> Aim of the task: Under this line is a listing; return exactly the lines starting at the one with "These are timely" and running down to the one with "Hotel Hibiscus gardens", and leave out its pictures.

> Record extracts:

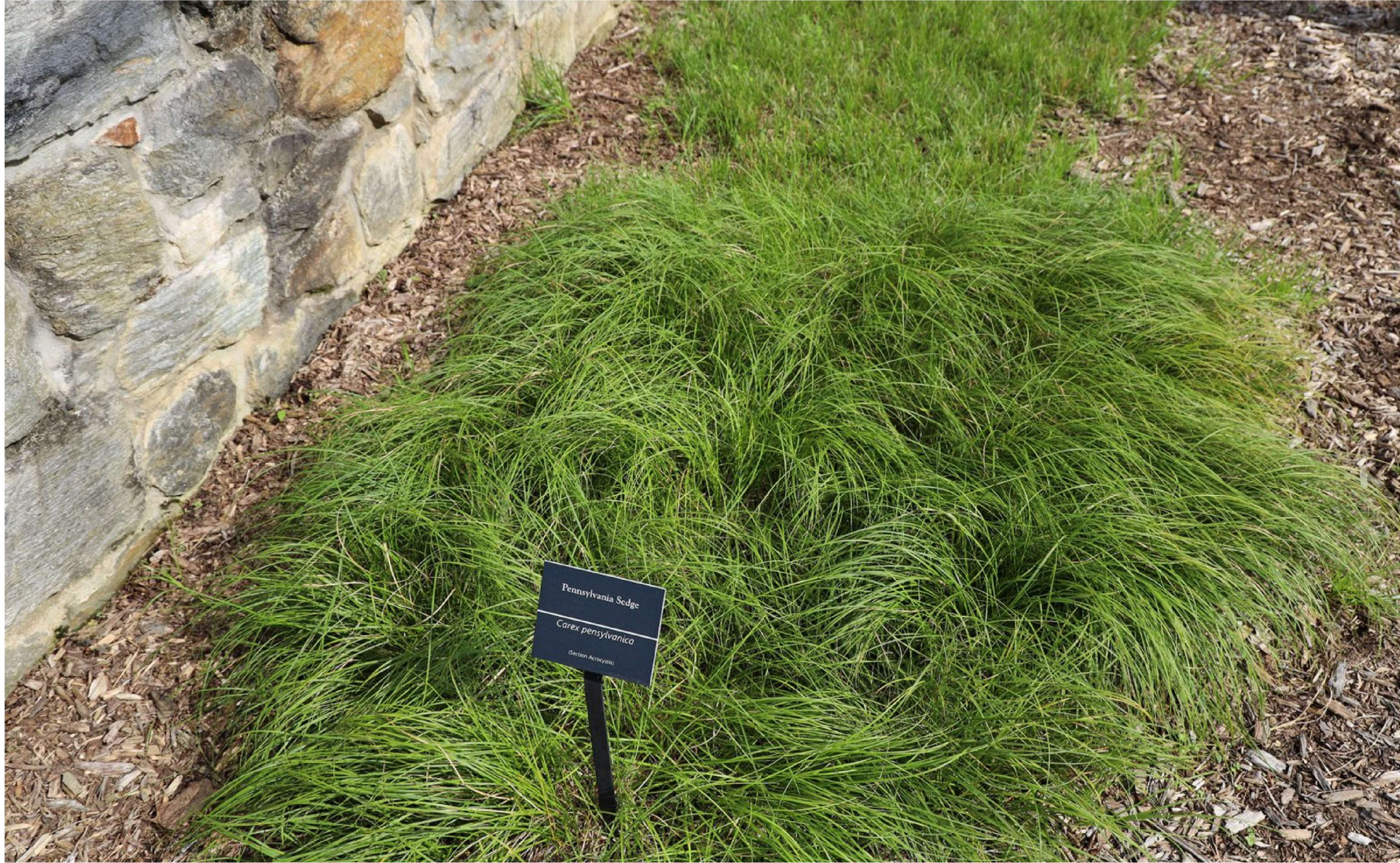
Pennsylvania Sedge - Carex pensylvanica
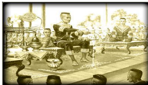
Figure 3 King Naresuan performs the ceremony of pouring out Thaksinotok to the gods, heavens and earth to know to declare independence.

Concept and inspiration , the ideas and inspiration for creating the show, King Naresuan declares independence came from the recognition of the importance and glorification of the Thai king who bravely restored the freedom of the nation. Until he was honored to be a king in the history of Thailand, one of them and only a blessing only.
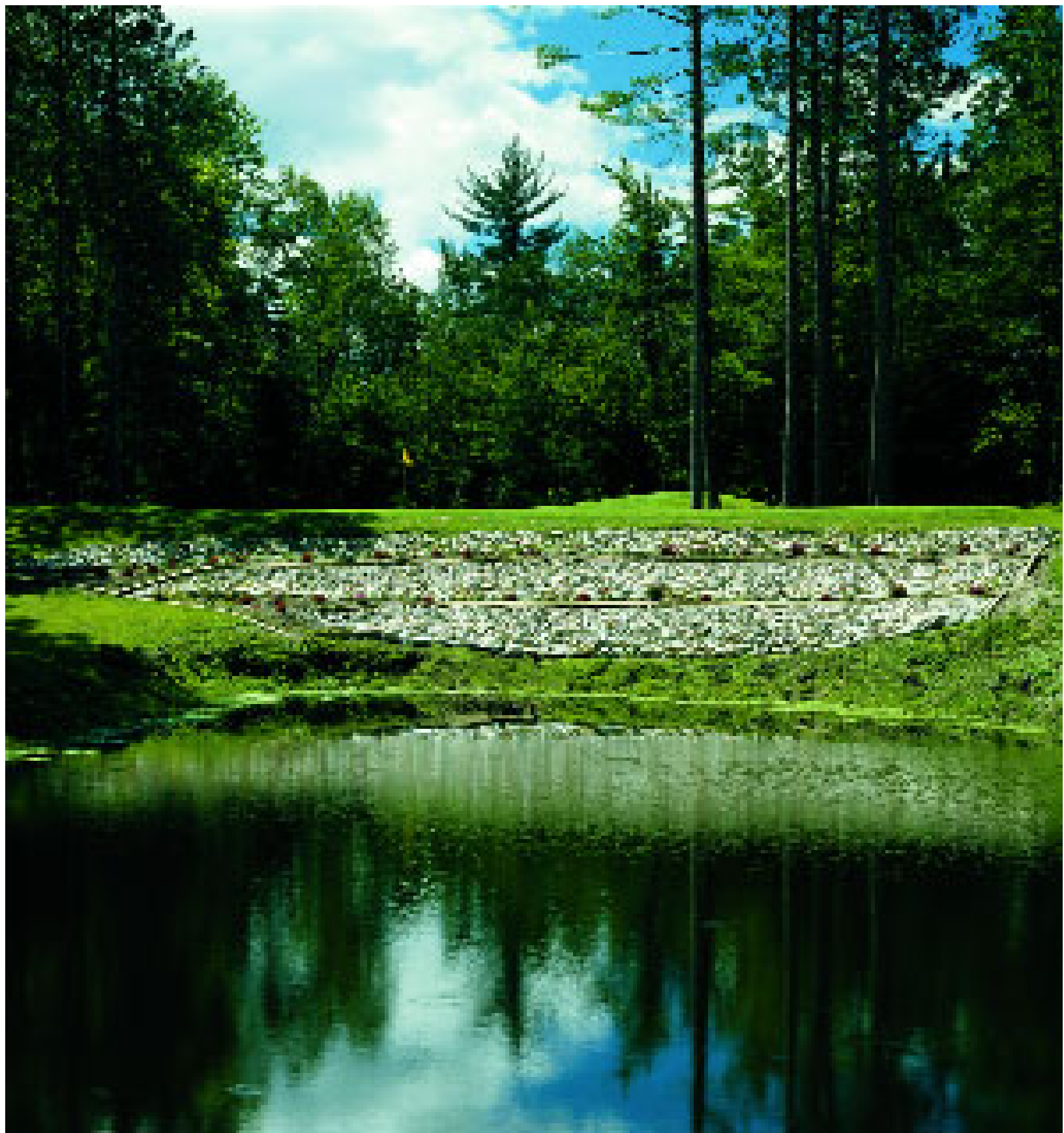
Thunder Bay's Hole Number 17
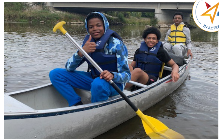
Eighth graders canoeing on the Milwaukee River with the Schlitz Audubon Nature Center.
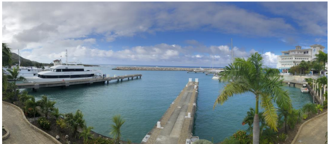
Ocean World Marina

Arrive at the marina in the early evening to board the Turks and Caicos Explorer II . After dinner, you'll navigate to the mooring site while you spend the night in your comfortable cabin.
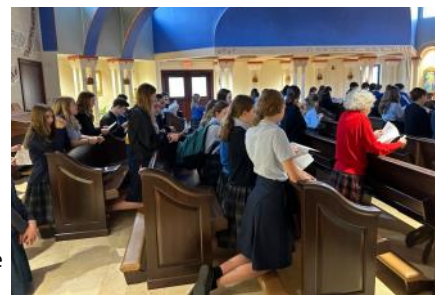
Students praying for the Total Consecration to Jesus through Mary.

These are timely words as we enter into the second half of Lent. "Mortification frees the soul from every obstacle which might retard the growth of grace, which might hinder the soul's love for God and its flight toward him; whereas prayer which consists essentially in intimate conversation with God feeds this love and quickens the flight. Mortification prepares a suitable place for a loving embrace with God; prayer effects this meeting, and by placing the soul in real contact with God, the source of living water, it quenches its thirst and reanimates it."
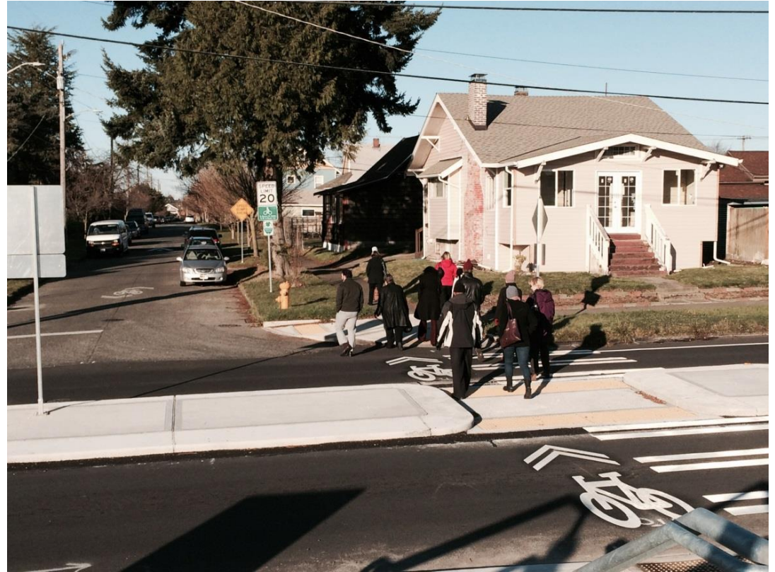
New neighborhood greenway – Spokane & Lafayette
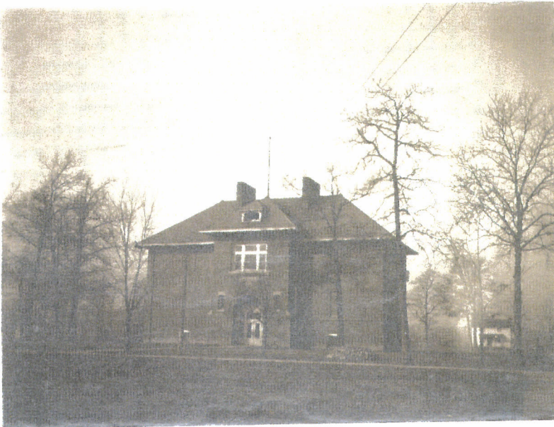
Medora No. 126, Twp. No. 8-9.
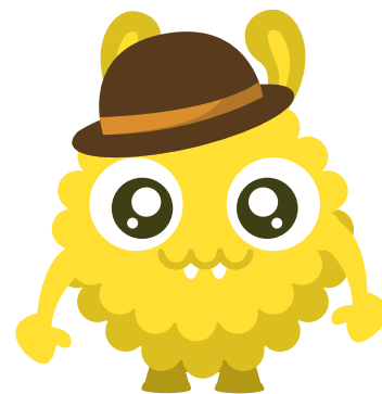
Yellow [ 'jeləʊ ]
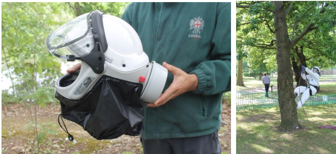
Figures 13 & 14. Images of specialist PPE

22. The identified nests are removed and put into sealed double-skin plastic bags, which are placed into a container and then taken off-site for incineration. Figures 15 and 16 show nests containing the hairs at different stages of pupation, taken from trees no more than 50 metres apart.
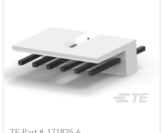
TE Part # 171825-6 POST HDR ASSY VERT AMP EI CONN
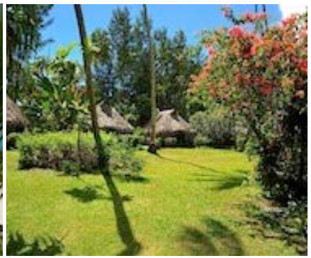
Hotel Hibiscus gardens
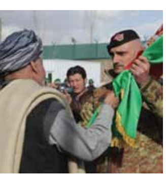
An Afghan flag is handed over during the transition ceremony in Ghor Province.
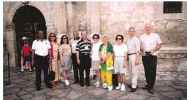
2001 San Antonio, Texas

Highlights were the opening Plenary session featuring Mikhail Gorbachev, the march of flags and the Closing Plenary session with the new International President Bhichai Rattakul. He gave an emotional and moving address to all Rotarians to "Sow the Seeds of Love".
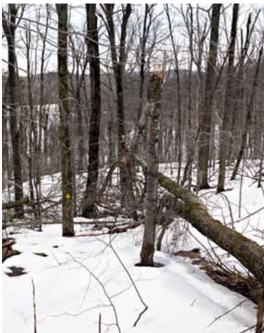
Ice storm damage, Wapack Trail, Pratt Mountain

New Ipswich on Turnpike Road at 8:00 AM. Depending on the turnout we will split up into groups of three or four made up of one chainsaw operator with the rest of the volunteers having hand saws to clean up the stuff the sawyer cuts and to pick up the smaller branches. Our first priority will be cleaning up the main trail with the side trails a secondary priority.
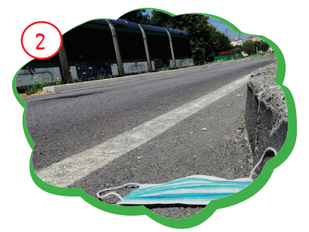
We shouldn't throw rubbish on the ground.
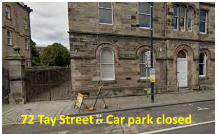
Image: Private car park at 72 Tay Street closed.
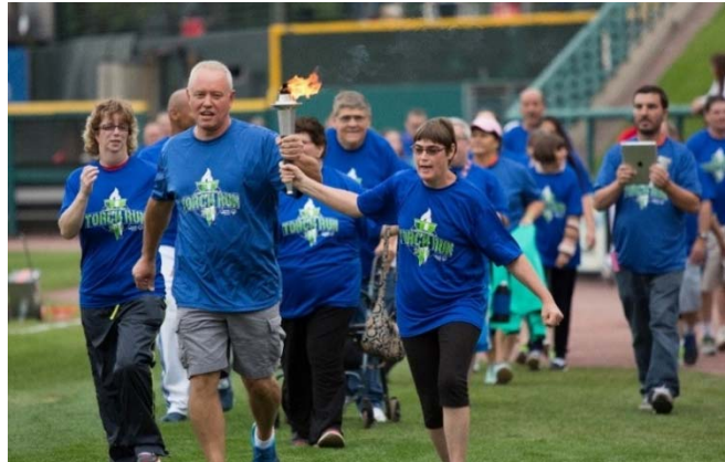
Law enforcement leads the Special Olympics Torch Run.

300-400 urban youth were welcomed to the ballpark at lunchtime for FOODLINK SUMMER MEALS . They were provided a healthy lunch and learned about nutrition. The Red Wings participated in a press conference with the Mayor and players were on hand to sign autographs.

> Solution for this problem:
These are timely words as we enter into the second half of Lent. "Mortification frees the soul from every obstacle which might retard the growth of grace, which might hinder the soul's love for God and its flight toward him; whereas prayer which consists essentially in intimate conversation with God feeds this love and quickens the flight. Mortification prepares a suitable place for a loving embrace with God; prayer effects this meeting, and by placing the soul in real contact with God, the source of living water, it quenches its thirst and reanimates it."
New neighborhood greenway – Spokane & Lafayette
Medora No. 126, Twp. No. 8-9.
Yellow [ 'jeləʊ ]
Figures 13 & 14. Images of specialist PPE

22. The identified nests are removed and put into sealed double-skin plastic bags, which are placed into a container and then taken off-site for incineration. Figures 15 and 16 show nests containing the hairs at different stages of pupation, taken from trees no more than 50 metres apart.
TE Part # 171825-6 POST HDR ASSY VERT AMP EI CONN
Hotel Hibiscus gardens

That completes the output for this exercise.